Hogan finally rolls Flair back into the ring and hits the Big Boot on the Nature Boy as he comes off the ropes. In a normal match, we’d be one leg drop away from a Hogan pinfall, but of course the Royal Rumble is another beast altogether. The announcers note that Flair has now been in the ring for more than an hour (“That’s definitely not fair to Flair”) as Flair hits yet another eye poke to halt Hogan’s advance. Piper and I.R.S. then hit a pretty cool spot – Schyster throws Piper over the ropes, but Hot Rod holds onto Schyster’s tie to safely land on the apron. Then he uses his grip on the tie to pull Schyster over the top rope and onto the floor. Meanwhile, Flair lands a wicked-sounding chop on Hogan, but all that does is anger the Hulkster. As Hogan “Hulks up” again, Flair retreats and pleads for mercy.

Hogan and Justice team up to throw the Warlord over the top, then Hogan returns to beat on Flair. Martel and Piper are jockeying for leverage near the ropes when Sid Justice walks up and flips them both out. We’re down to Flair, Hogan, Savage, and Justice – it’s tough to think of a more compelling final four than that.

Justice wrestles Savage up to the top turnbuckle, but it appears he’s not going to be able to actually get him out. Suddenly Flair breaks away from Hogan for long enough to deliver a running knee into Sid’s back – Sid’s momentum pushes Savage to the floor. Flair then sprints back to Hogan – where does he find the energy? – to deliver a vicious chop, but that only makes Hulk angry. Hulk whips Flair hard into the turnbuckle. So hard, in fact, that Flair flips upside down on impact (another signature Nature Boy spot). Flair comes down disoriented, and Hogan hits him with a roundhouse right hand that sends Flair over the top rope and onto the apron. Hogan is stomping away, clearly on the verge of eliminating Flair, when his erstwhile tag team partner Sid Justice decides to take advantage of the situation.

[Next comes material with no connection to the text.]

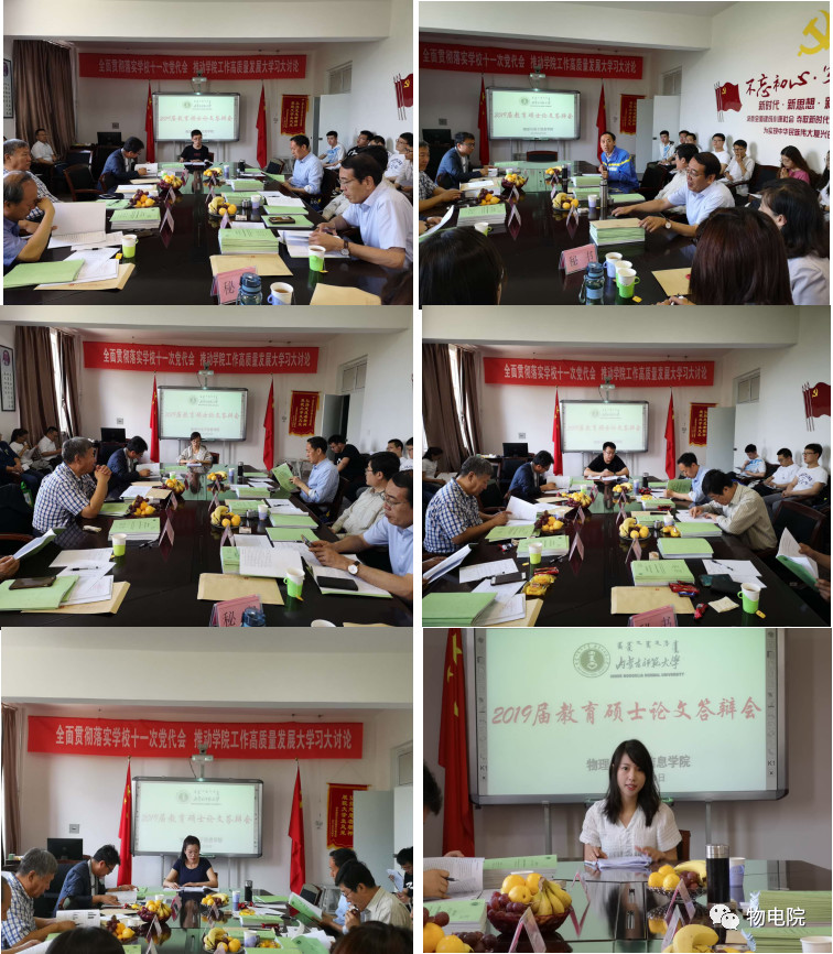 在物理楼会议室隆重召开2019届学科教学(物理)及课程与教学论(物理)专业汉语组硕在士论文答辩会。答辩委员会主席由教育学院院长米俊魁教授担任,委员有:吉日嘎拉、张伟、曹永军、那日苏、李群五位老师,秘书由万欣欣老师担任。2016级、2017级和2018级相关专业的全体研究生及部分指导教师参加了本次答辩会。
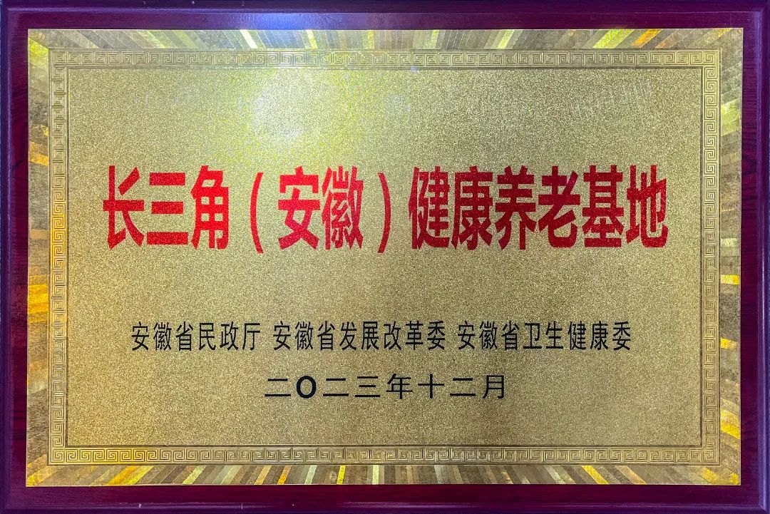 5月31日下午16:30,國家養老皖南示范基地被省民政廳、省發改委、省衛健委聯合認定為長三角(安徽)健康養老基地,并上臺領取榮譽牌匾和證書。

Justice sneaks up behind Hulk and shoves him over the top rope, eliminating Hogan. Hulk is furious on the outside of the ring, pounding the mat in disgust at Justice’s treachery. He and Justice begin arguing, and when Justice attempts to turn away to continue the match, Hogan reaches up and grabs his right arm. Justice tries to pull away, but before he can do so, Flair shoves him over the top rope. The bell rings, Howard Finkel declares Flair the undisputed champion, and Bobby Heenan goes into hysterics.

Hogan is obviously dissatisfied with how things turned out. First he gets back into the ring to chase Flair away, then he and Sid Justice have a face-to-face confrontation. That sets up the eventual co-Main Event at Wrestlemania VIII, Sid Justice vs. Hulk Hogan. As Sid eventually begrudgingly retreats up the ramp, he audibly yells “I’ll kill you!” at Hulk.

And so ends the greatest Royal Rumble in WWE history. If you’d like to see Ric Flair’s post-match interview with Mean Gene Okerlund (with Mr. Perfect and Bobby “The Brain” Heenan in tow) – and if you’ve already read over 16,000 words on this event, I can’t imagine you not wanting to see the interview – click here .

I’ll end this review with Flair’s own words:
“I’ve got to tell you like this: for the Hulk Hogans, and the Macho Mans, and the Pipers, and the Sids, now it’s Ric Flair, and y’all pay homage to the man! Whoooooo!”